If an employer is required to have workers’ compensation insurance, they must be in compliance with the law at any time they have employees. Otherwise, they could face penalties of $2,000 per 10-day period, plus the actual cost of the injured employee’s medical bills, which could amount to tens or even hundreds of thousands of dollars.

Employers that do not have a workers’ compensation policy must be able to prove they are exempt from coverage. So what types of businesses are exempt? It depends on the people working for the company and whether or not they are classified as employees.

Who is Exempt From Workers’ Compensation?

The following classifications of workers are not covered under workers’ compensation policies:

  • Volunteers for nonprofit organizations, unless they receive some form of compensation. Repayment for expenses incurred is not considered compensation, but room and board, stipends and monetary perks are considered compensation.
  • Licensed priests, ministers, rabbis and other members of religious orders.
  • Those solely performing teaching duties in an educational, charitable or religious institution.
  • Those who perform work duties and receive charitable aid in exchange.
  • Those covered under a different type of workers’ compensation system, such as federal government employees, railroad employees and maritime workers.
  • Those doing yard work or casual chores for pay, although those operating power-driven machinery must have workers’ compensation coverage.
  • Minor children and spouse of an employer who is a farmer

Independent Contractors vs.
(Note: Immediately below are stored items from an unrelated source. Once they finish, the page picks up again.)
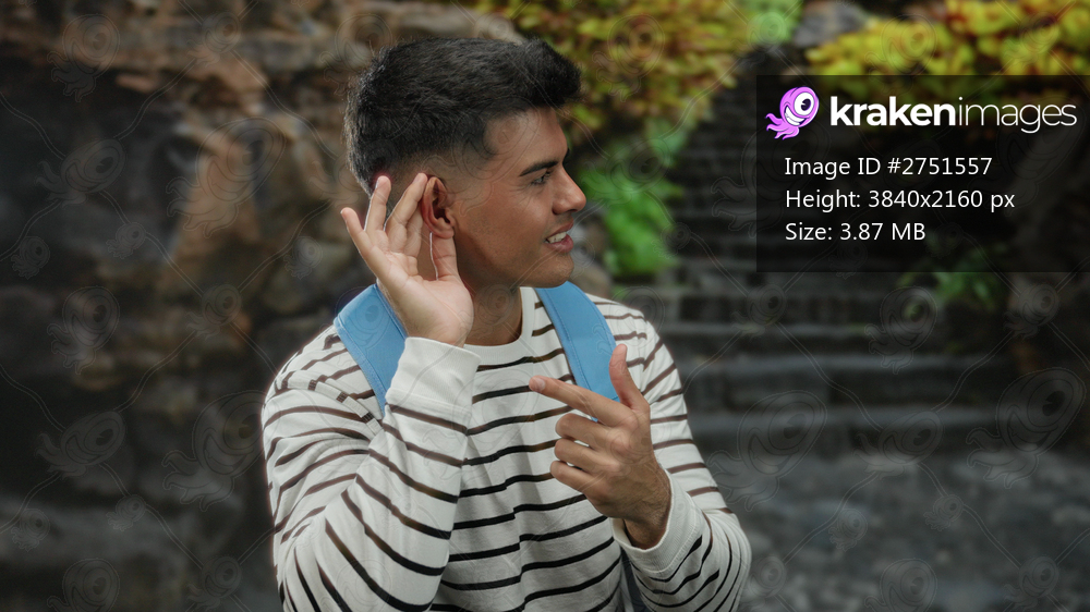 Young man smiling and gesturing to his ear outdoors, wearing striped shirt and backpack on city street with steps in background.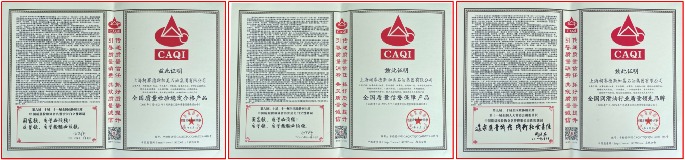 迎接即將到來(lái)的又一個(gè)全國(guó)質(zhì)量月——9月之際,8月11日,中國(guó)質(zhì)量協(xié)會(huì)向上??沦惖滤辜用朗图瘓F(tuán)有限公司頒發(fā)三大榮譽(yù),即全國(guó)質(zhì)量檢驗(yàn)穩(wěn)定合格產(chǎn)品、全國(guó)質(zhì)量信譽(yù)保障產(chǎn)品、全國(guó)潤(rùn)滑油行業(yè)質(zhì)量領(lǐng)先品牌。這是在新的市場(chǎng)形勢(shì)下,柯賽德斯加美石油集團(tuán)深耕能源,堅(jiān)持質(zhì)量振興企業(yè)、科技助推發(fā)展、誠(chéng)信塑造品牌戰(zhàn)略的長(zhǎng)期努力結(jié)出的碩果。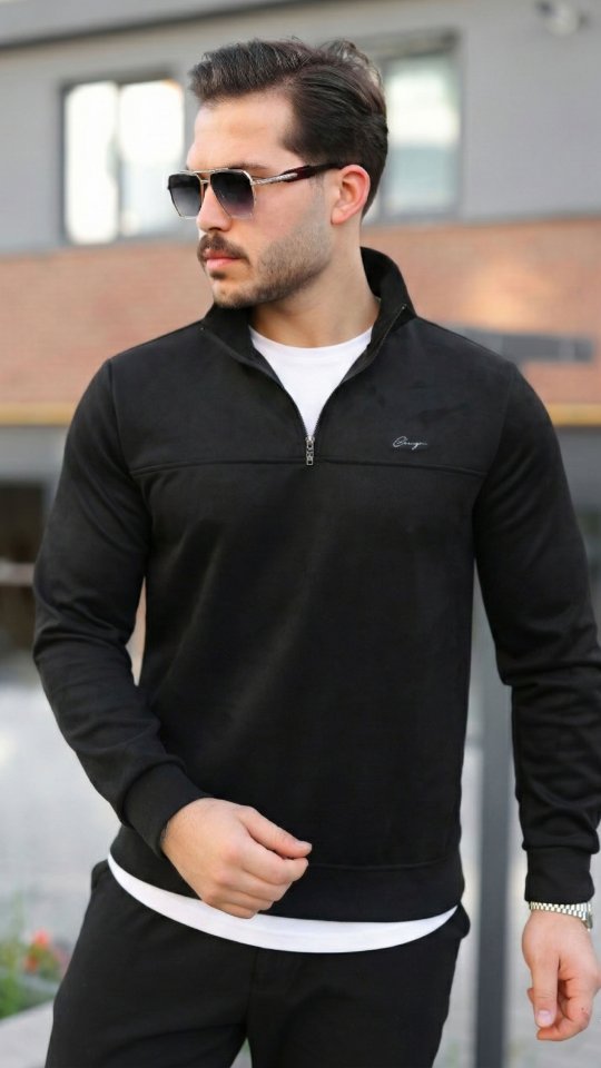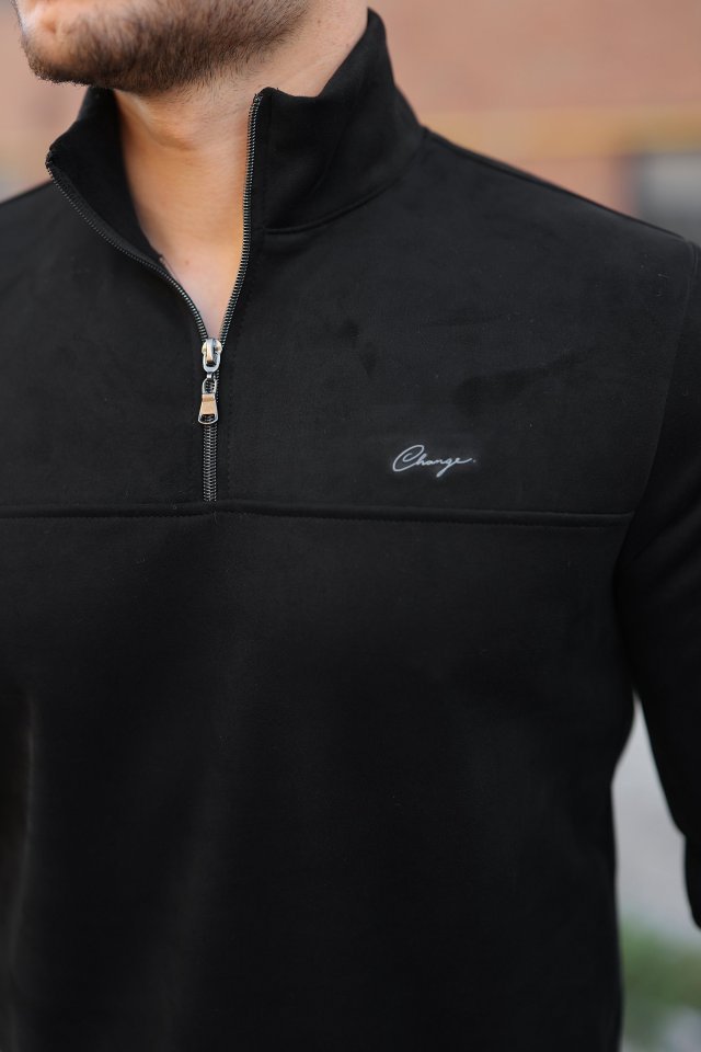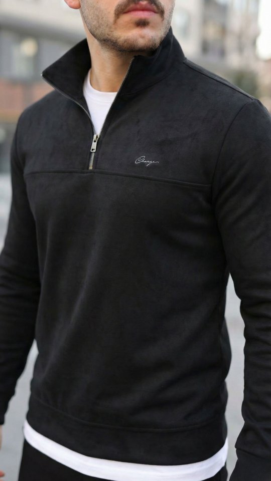 Erkek Süet Yarım Fermuar Dik Yaka Sweat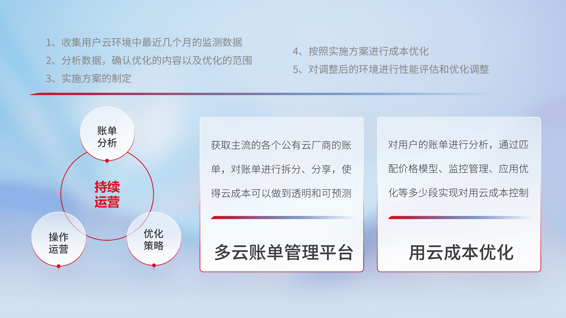 通过多云纳管,,以统一的资源数据模型把客户的云资源进行抽象和封装,,,进而实现对多云资源的统一操作,,,,保障云资源管理的可靠性、、、稳定性与可用性。。。量身定制化运维内容,,,配置、、、、开发运维、、补丁管理、、备份、、、、监控、、认证和访问管理、、审计和日常巡检等,,,,保障在用云过程中的可靠度,,,稳定度以及高可用率。。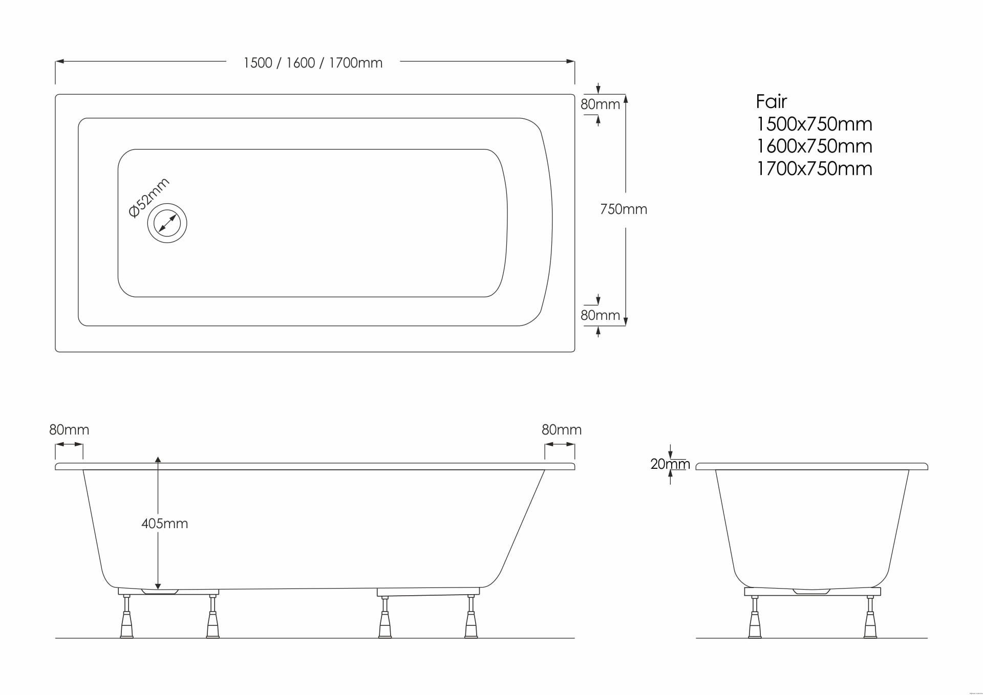 Wanna akrylowa Stabilsound Plus® Fair 150x75x57 cm, prostokątna ze stelażem, producent Schedline, numer katalogowy: 3WSP.F1P-15075, kolor: biały gładki

Employees

While companies do have to have workers’ compensation coverage on employees, they do not have to abide by labor laws if they have independent contractors. So what’s the difference?

Both can be hired to do the same work. However, employees must have taxes deducted from their pay. Independent contractors pay their own taxes and are not subject to labor laws.

Other than that, the line between an employee and independent contractor can be fuzzy. Each state has ways of determining whether or not a worker should be classified as an employee.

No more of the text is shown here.